*** The data

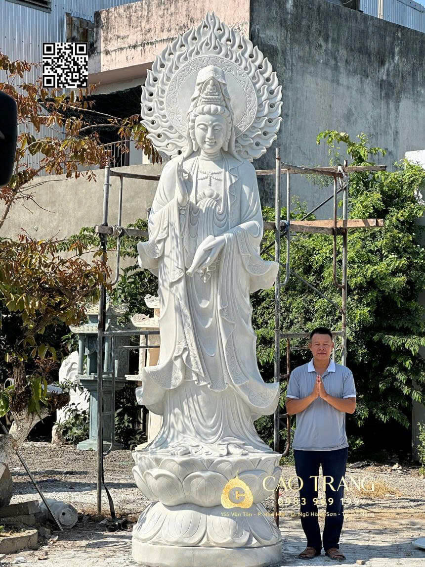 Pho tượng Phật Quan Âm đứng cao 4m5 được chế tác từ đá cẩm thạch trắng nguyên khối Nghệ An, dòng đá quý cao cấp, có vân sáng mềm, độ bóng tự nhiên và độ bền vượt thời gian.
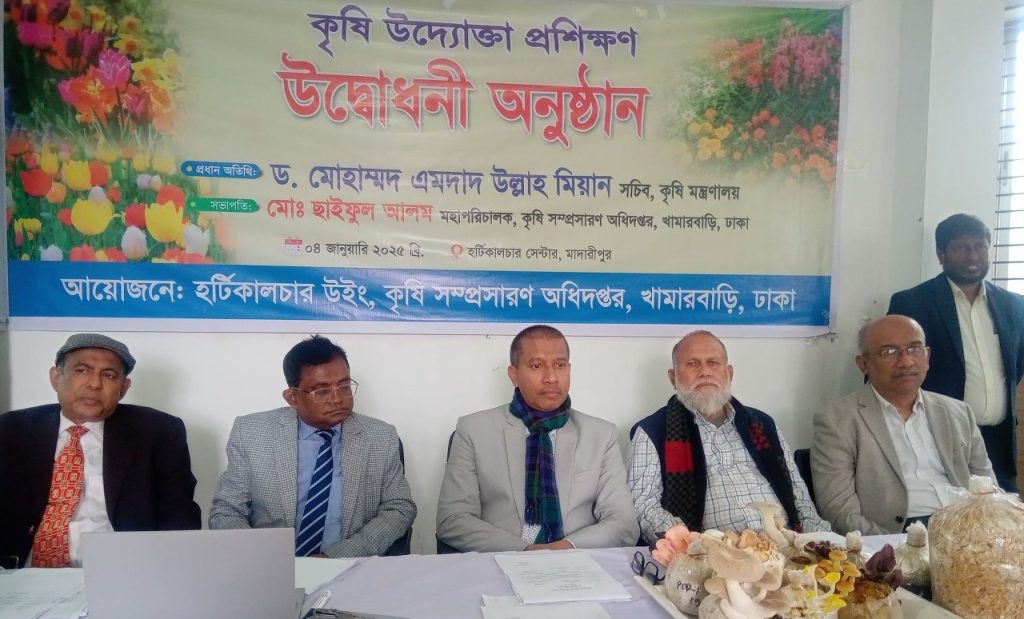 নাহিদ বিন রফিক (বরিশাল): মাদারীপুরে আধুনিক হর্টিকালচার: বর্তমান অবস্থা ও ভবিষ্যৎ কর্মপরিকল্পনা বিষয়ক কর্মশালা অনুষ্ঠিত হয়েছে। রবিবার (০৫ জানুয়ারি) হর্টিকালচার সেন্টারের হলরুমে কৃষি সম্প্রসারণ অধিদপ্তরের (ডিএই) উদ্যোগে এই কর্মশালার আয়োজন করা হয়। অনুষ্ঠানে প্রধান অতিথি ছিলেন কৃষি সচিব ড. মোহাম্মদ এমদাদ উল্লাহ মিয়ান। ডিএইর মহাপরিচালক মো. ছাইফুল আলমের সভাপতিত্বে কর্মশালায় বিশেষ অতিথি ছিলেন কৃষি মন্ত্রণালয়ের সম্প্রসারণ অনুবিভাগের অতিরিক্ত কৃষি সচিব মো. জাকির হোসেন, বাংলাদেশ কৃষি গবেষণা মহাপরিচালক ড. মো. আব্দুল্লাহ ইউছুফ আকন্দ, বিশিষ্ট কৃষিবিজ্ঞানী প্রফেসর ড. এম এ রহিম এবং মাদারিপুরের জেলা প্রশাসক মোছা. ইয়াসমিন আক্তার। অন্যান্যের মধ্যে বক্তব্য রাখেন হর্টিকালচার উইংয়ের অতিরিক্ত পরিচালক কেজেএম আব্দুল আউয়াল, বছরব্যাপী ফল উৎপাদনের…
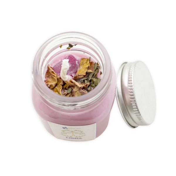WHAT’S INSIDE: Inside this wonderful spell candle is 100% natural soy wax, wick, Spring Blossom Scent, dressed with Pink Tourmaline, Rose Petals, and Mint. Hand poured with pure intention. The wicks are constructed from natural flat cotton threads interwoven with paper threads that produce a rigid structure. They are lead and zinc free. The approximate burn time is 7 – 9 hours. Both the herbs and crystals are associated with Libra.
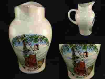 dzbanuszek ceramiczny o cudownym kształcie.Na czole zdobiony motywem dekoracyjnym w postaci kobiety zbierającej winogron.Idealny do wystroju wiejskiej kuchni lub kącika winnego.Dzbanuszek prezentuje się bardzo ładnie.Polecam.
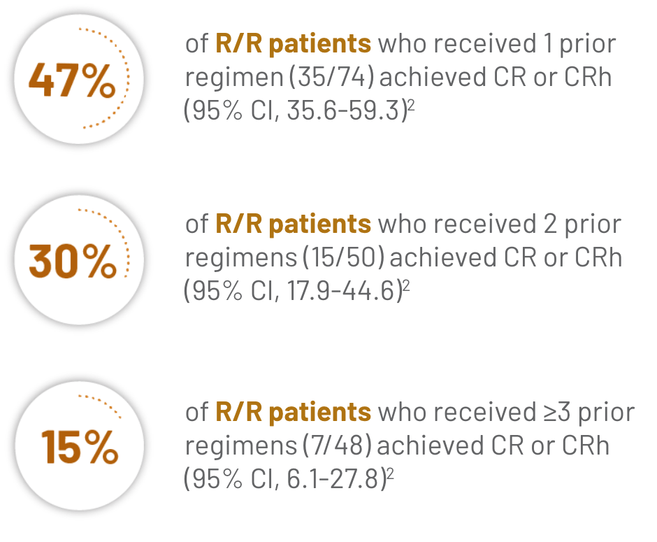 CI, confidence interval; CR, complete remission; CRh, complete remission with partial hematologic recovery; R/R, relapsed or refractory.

******

Problem description —
With pictures left out, repeat exactly the lines from the one containing "dzbanuszek ceramiczny o" through the last line of the data above, inclusive, and nothing else.

Exercise output —
 dzbanuszek ceramiczny o cudownym kształcie.Na czole zdobiony motywem dekoracyjnym w postaci kobiety zbierającej winogron.Idealny do wystroju wiejskiej kuchni lub kącika winnego.Dzbanuszek prezentuje się bardzo ładnie.Polecam.
 CI, confidence interval; CR, complete remission; CRh, complete remission with partial hematologic recovery; R/R, relapsed or refractory.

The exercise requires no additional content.